- TASK DETAILS -
Print the lines below from the line with "2013-07-04 DR 128-2013" to the line with "HMCS Dauphin (K157)" exactly, keeping both ends, and print no pictures.

- EXTRACTED MATERIAL -
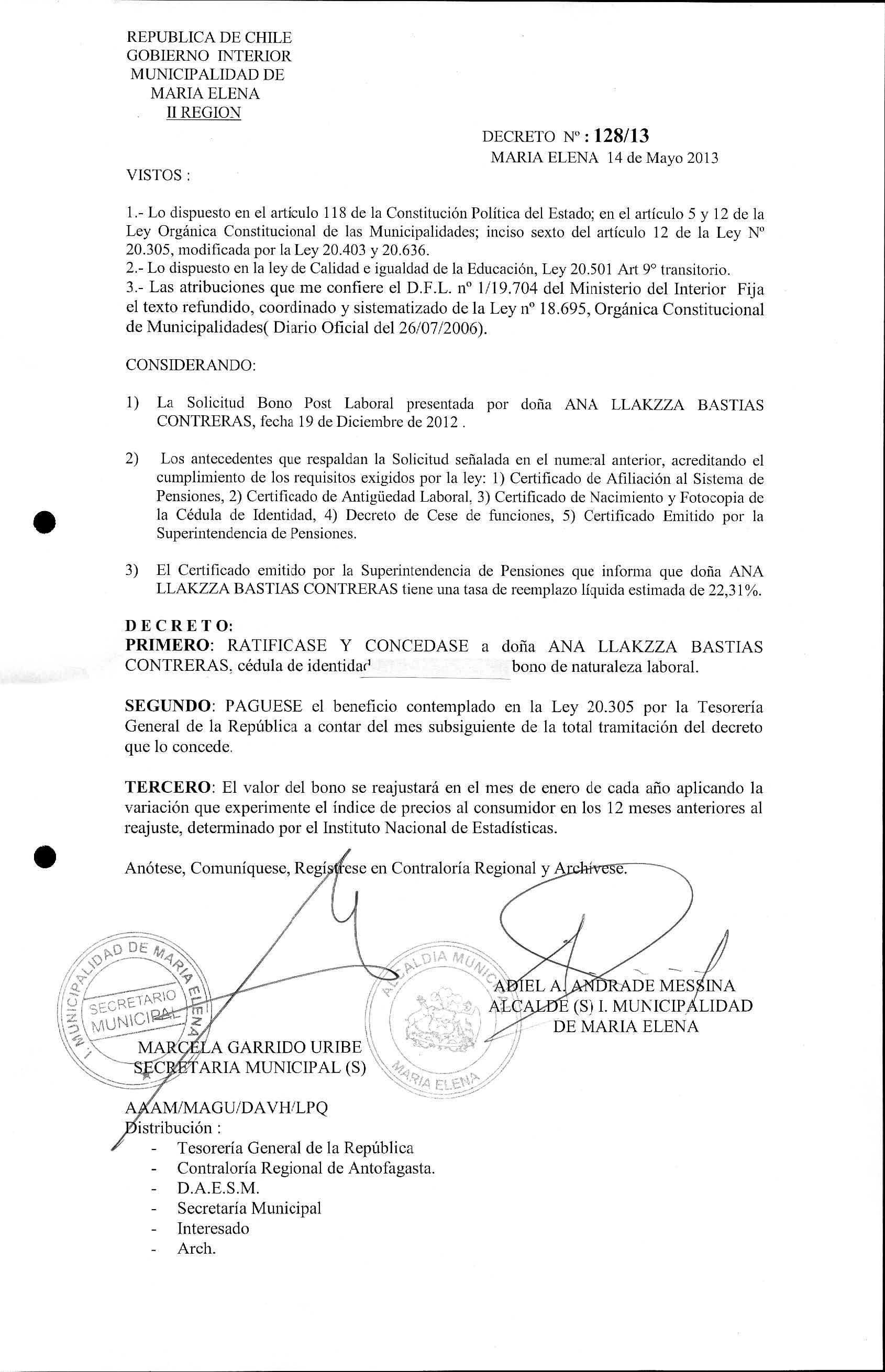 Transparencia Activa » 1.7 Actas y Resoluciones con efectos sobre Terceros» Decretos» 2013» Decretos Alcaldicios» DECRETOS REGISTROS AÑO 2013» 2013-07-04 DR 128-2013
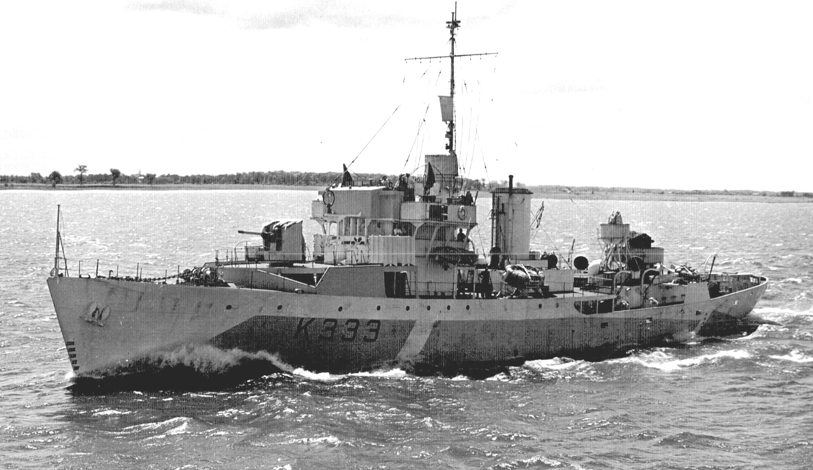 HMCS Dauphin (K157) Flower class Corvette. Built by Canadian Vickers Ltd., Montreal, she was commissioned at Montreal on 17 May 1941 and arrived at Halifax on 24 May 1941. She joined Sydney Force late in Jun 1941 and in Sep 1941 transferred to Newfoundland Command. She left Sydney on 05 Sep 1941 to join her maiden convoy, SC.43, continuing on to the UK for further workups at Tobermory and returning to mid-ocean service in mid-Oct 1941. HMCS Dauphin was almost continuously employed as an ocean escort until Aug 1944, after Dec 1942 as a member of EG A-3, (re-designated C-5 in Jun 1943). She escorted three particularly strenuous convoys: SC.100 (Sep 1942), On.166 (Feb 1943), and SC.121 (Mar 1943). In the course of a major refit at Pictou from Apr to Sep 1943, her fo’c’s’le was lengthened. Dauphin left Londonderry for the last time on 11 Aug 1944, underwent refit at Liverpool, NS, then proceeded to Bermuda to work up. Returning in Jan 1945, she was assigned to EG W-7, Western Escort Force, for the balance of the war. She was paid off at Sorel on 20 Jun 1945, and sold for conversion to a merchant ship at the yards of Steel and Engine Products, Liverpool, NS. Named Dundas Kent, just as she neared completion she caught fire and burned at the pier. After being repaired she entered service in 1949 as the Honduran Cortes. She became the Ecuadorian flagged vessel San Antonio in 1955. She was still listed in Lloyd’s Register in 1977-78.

--

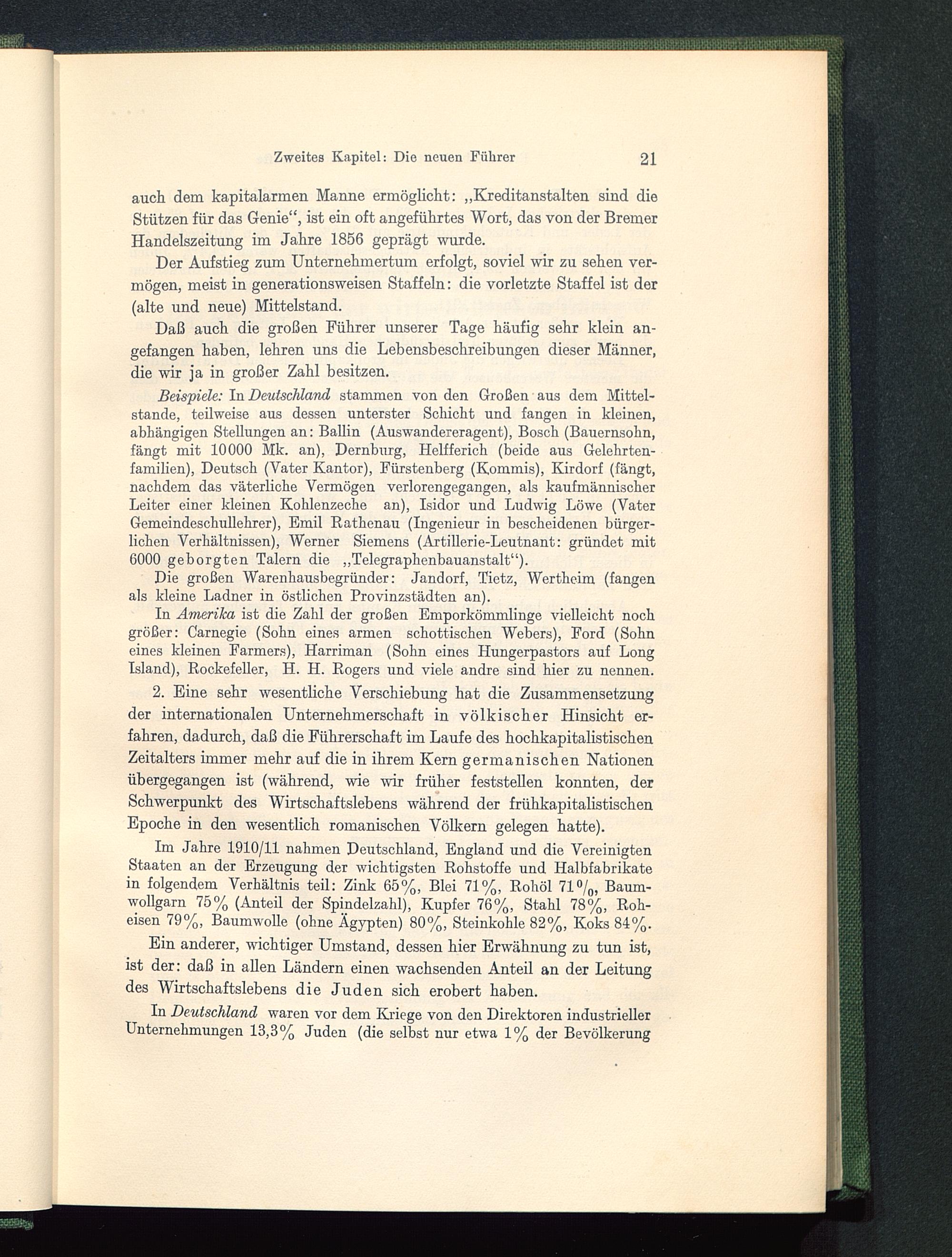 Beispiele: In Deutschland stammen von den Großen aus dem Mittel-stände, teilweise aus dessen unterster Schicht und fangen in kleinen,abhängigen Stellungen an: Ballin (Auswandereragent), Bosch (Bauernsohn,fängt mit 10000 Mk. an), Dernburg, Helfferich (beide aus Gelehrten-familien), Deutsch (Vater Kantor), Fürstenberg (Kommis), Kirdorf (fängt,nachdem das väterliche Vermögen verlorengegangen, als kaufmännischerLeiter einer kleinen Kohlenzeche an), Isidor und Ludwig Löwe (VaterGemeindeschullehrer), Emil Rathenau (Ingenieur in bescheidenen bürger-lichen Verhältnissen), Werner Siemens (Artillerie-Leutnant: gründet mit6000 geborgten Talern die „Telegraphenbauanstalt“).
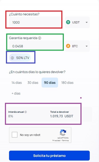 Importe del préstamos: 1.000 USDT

- TASK OUTPUT -
 Transparencia Activa » 1.7 Actas y Resoluciones con efectos sobre Terceros» Decretos» 2013» Decretos Alcaldicios» DECRETOS REGISTROS AÑO 2013» 2013-07-04 DR 128-2013
 HMCS Dauphin (K157) Flower class Corvette. Built by Canadian Vickers Ltd., Montreal, she was commissioned at Montreal on 17 May 1941 and arrived at Halifax on 24 May 1941. She joined Sydney Force late in Jun 1941 and in Sep 1941 transferred to Newfoundland Command. She left Sydney on 05 Sep 1941 to join her maiden convoy, SC.43, continuing on to the UK for further workups at Tobermory and returning to mid-ocean service in mid-Oct 1941. HMCS Dauphin was almost continuously employed as an ocean escort until Aug 1944, after Dec 1942 as a member of EG A-3, (re-designated C-5 in Jun 1943). She escorted three particularly strenuous convoys: SC.100 (Sep 1942), On.166 (Feb 1943), and SC.121 (Mar 1943). In the course of a major refit at Pictou from Apr to Sep 1943, her fo’c’s’le was lengthened. Dauphin left Londonderry for the last time on 11 Aug 1944, underwent refit at Liverpool, NS, then proceeded to Bermuda to work up. Returning in Jan 1945, she was assigned to EG W-7, Western Escort Force, for the balance of the war. She was paid off at Sorel on 20 Jun 1945, and sold for conversion to a merchant ship at the yards of Steel and Engine Products, Liverpool, NS. Named Dundas Kent, just as she neared completion she caught fire and burned at the pier. After being repaired she entered service in 1949 as the Honduran Cortes. She became the Ecuadorian flagged vessel San Antonio in 1955. She was still listed in Lloyd’s Register in 1977-78.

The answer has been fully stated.